SOURCE RECORDS:
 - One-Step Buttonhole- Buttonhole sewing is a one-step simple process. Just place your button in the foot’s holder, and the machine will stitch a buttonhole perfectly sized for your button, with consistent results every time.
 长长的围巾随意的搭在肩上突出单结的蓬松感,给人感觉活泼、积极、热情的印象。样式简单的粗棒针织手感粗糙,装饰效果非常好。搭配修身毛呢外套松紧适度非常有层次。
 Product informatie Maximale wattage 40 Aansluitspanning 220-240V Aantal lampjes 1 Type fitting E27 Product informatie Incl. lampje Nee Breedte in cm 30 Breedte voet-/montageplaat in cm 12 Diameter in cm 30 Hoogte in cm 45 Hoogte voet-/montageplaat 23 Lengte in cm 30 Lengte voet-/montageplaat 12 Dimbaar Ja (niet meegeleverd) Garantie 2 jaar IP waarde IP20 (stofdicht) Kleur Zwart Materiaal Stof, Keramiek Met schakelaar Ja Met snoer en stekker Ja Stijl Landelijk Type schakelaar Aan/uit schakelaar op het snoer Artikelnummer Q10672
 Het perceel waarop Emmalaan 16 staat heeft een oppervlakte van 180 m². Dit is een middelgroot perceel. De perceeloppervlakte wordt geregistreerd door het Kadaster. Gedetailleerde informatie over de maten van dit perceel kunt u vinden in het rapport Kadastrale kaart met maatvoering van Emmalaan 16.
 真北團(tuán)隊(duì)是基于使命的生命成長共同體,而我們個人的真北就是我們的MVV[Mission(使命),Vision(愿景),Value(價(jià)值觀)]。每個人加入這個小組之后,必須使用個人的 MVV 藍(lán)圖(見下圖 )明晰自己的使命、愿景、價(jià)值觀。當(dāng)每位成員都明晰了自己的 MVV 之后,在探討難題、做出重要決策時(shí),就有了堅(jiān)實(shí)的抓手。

---

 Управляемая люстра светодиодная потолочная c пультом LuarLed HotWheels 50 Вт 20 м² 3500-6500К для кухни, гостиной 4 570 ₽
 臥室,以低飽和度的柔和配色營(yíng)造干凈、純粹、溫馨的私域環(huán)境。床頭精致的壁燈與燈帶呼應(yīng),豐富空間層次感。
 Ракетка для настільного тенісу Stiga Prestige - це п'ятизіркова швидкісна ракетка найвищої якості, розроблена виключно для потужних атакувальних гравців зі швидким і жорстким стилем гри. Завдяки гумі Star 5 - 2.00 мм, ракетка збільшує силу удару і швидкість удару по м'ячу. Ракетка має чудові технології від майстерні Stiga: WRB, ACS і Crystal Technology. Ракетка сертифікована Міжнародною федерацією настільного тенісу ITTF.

ASSIGNMENT: Write down, word for word, the lines above from the one containing "Het perceel waarop" through the one containing "MVV 藍(lán)圖(見下圖 )明晰自己的使命、愿景、價(jià)值觀。當(dāng)每位成員都明晰了自己的", both ends included.

REPLY:
 Het perceel waarop Emmalaan 16 staat heeft een oppervlakte van 180 m². Dit is een middelgroot perceel. De perceeloppervlakte wordt geregistreerd door het Kadaster. Gedetailleerde informatie over de maten van dit perceel kunt u vinden in het rapport Kadastrale kaart met maatvoering van Emmalaan 16.
 真北團(tuán)隊(duì)是基于使命的生命成長共同體,而我們個人的真北就是我們的MVV[Mission(使命),Vision(愿景),Value(價(jià)值觀)]。每個人加入這個小組之后,必須使用個人的 MVV 藍(lán)圖(見下圖 )明晰自己的使命、愿景、價(jià)值觀。當(dāng)每位成員都明晰了自己的 MVV 之后,在探討難題、做出重要決策時(shí),就有了堅(jiān)實(shí)的抓手。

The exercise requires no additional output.